* [WHAT TO DO]:
Exact copies of the lines below, from the one with "Lyrics of Dhanno" up to and including the one with "Chinese Vice President", are what this calls for; leave out pictures.

━━━ DATA ━━━

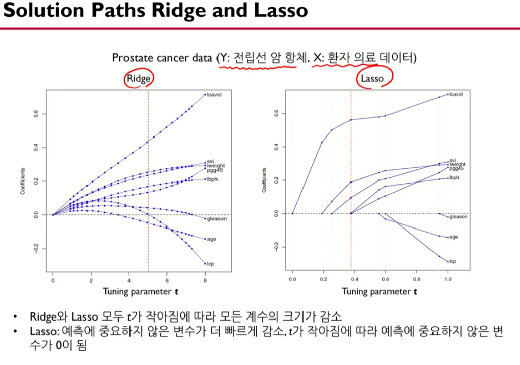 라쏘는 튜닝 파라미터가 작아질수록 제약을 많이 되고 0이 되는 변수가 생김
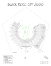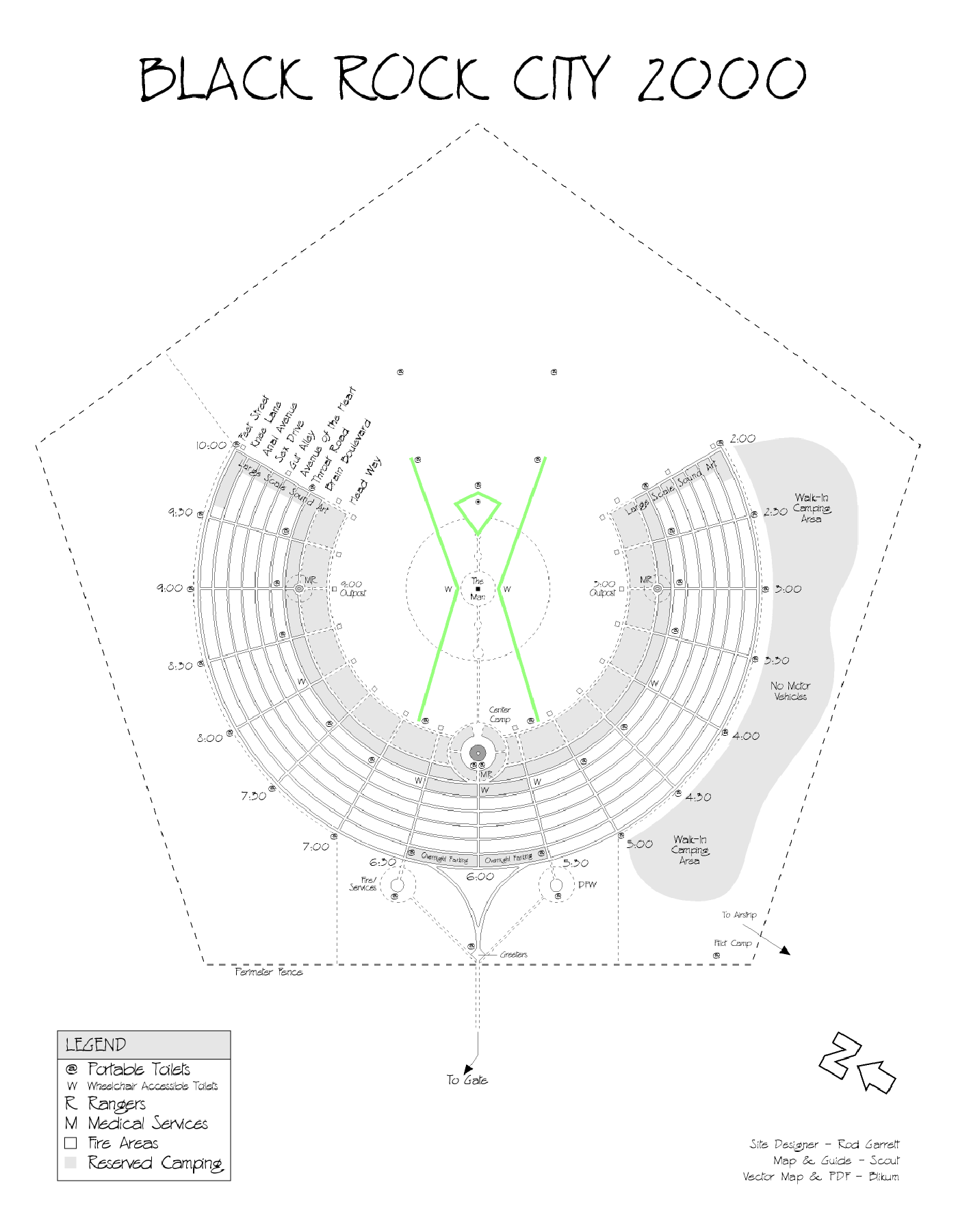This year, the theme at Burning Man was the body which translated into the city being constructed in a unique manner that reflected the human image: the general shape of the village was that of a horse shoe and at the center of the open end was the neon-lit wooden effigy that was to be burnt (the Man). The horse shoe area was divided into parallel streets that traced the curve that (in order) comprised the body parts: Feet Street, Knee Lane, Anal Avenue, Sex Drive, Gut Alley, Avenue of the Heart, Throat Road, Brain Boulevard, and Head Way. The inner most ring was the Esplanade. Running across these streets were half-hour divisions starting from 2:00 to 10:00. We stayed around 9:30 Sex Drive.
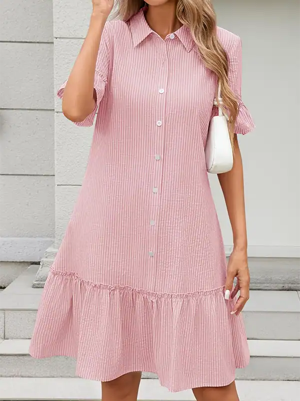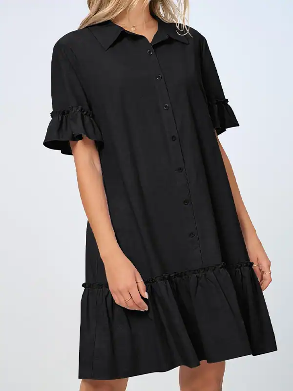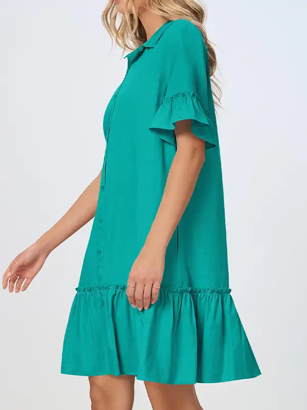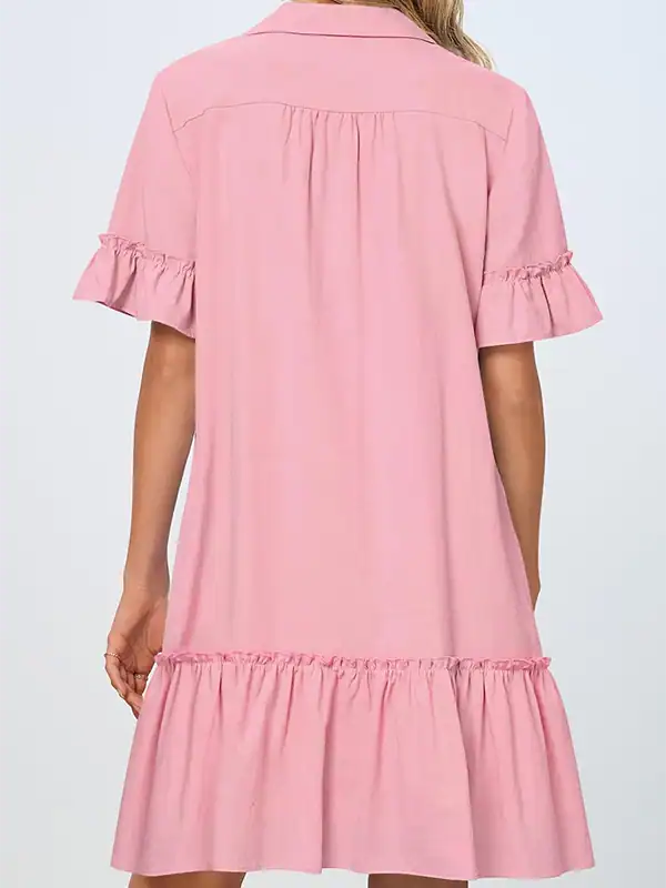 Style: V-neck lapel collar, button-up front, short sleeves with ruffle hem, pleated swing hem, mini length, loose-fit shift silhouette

━━━
━━━ DATA ━━━

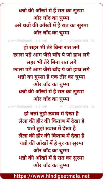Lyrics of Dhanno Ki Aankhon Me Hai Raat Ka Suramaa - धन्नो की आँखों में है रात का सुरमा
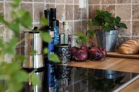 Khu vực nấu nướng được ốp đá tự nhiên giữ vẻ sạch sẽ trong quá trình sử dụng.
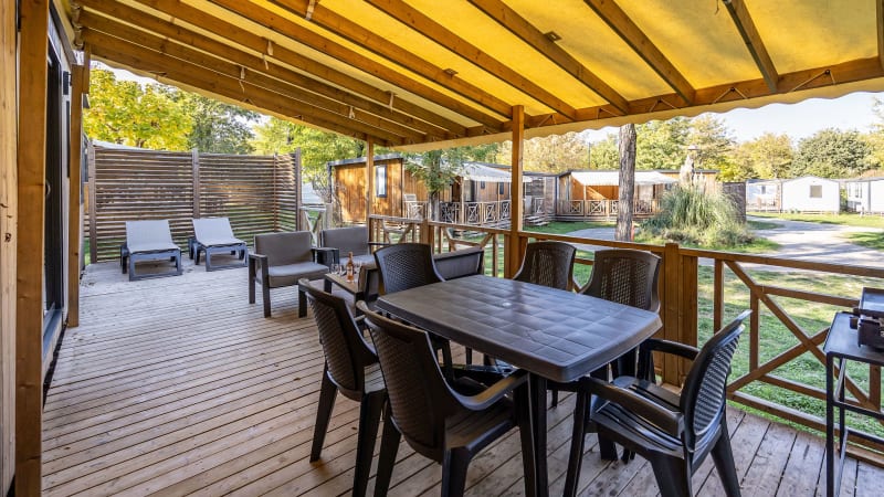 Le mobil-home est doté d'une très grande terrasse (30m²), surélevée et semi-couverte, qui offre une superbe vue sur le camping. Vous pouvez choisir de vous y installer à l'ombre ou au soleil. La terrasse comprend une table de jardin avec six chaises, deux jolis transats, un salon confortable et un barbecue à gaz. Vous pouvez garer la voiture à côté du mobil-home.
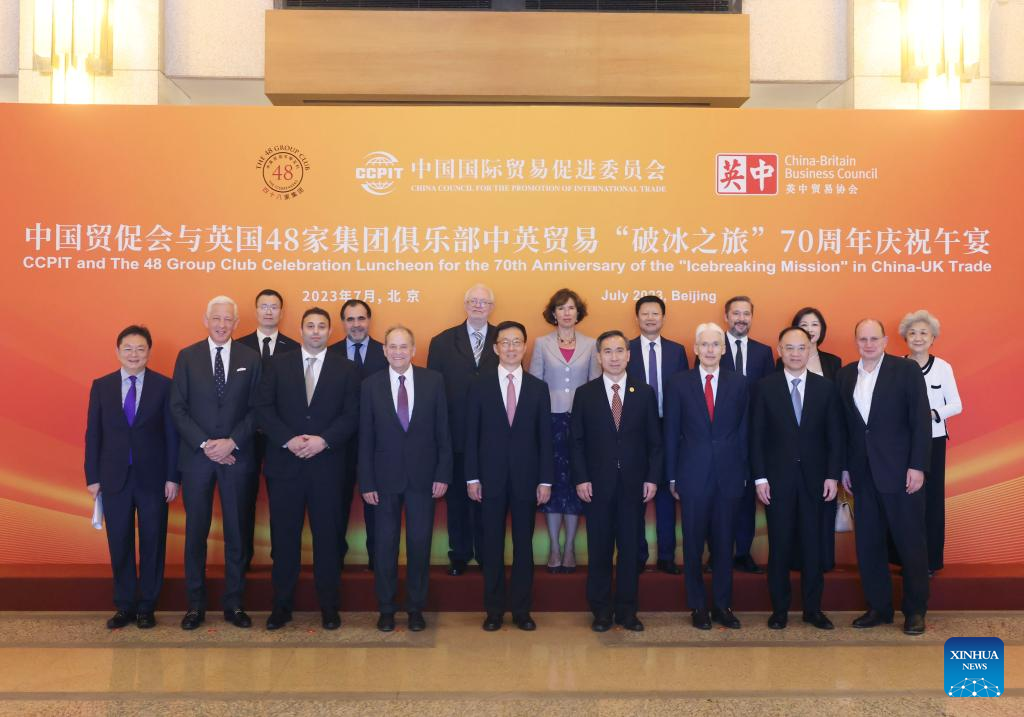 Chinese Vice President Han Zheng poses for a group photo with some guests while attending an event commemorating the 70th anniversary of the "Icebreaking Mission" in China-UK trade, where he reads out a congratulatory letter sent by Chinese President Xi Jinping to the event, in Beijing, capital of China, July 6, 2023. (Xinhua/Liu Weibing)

━━━

* [ANSWER TO THE EXERCISE]:
Lyrics of Dhanno Ki Aankhon Me Hai Raat Ka Suramaa - धन्नो की आँखों में है रात का सुरमा
 Khu vực nấu nướng được ốp đá tự nhiên giữ vẻ sạch sẽ trong quá trình sử dụng.
 Le mobil-home est doté d'une très grande terrasse (30m²), surélevée et semi-couverte, qui offre une superbe vue sur le camping. Vous pouvez choisir de vous y installer à l'ombre ou au soleil. La terrasse comprend une table de jardin avec six chaises, deux jolis transats, un salon confortable et un barbecue à gaz. Vous pouvez garer la voiture à côté du mobil-home.
 Chinese Vice President Han Zheng poses for a group photo with some guests while attending an event commemorating the 70th anniversary of the "Icebreaking Mission" in China-UK trade, where he reads out a congratulatory letter sent by Chinese President Xi Jinping to the event, in Beijing, capital of China, July 6, 2023. (Xinhua/Liu Weibing)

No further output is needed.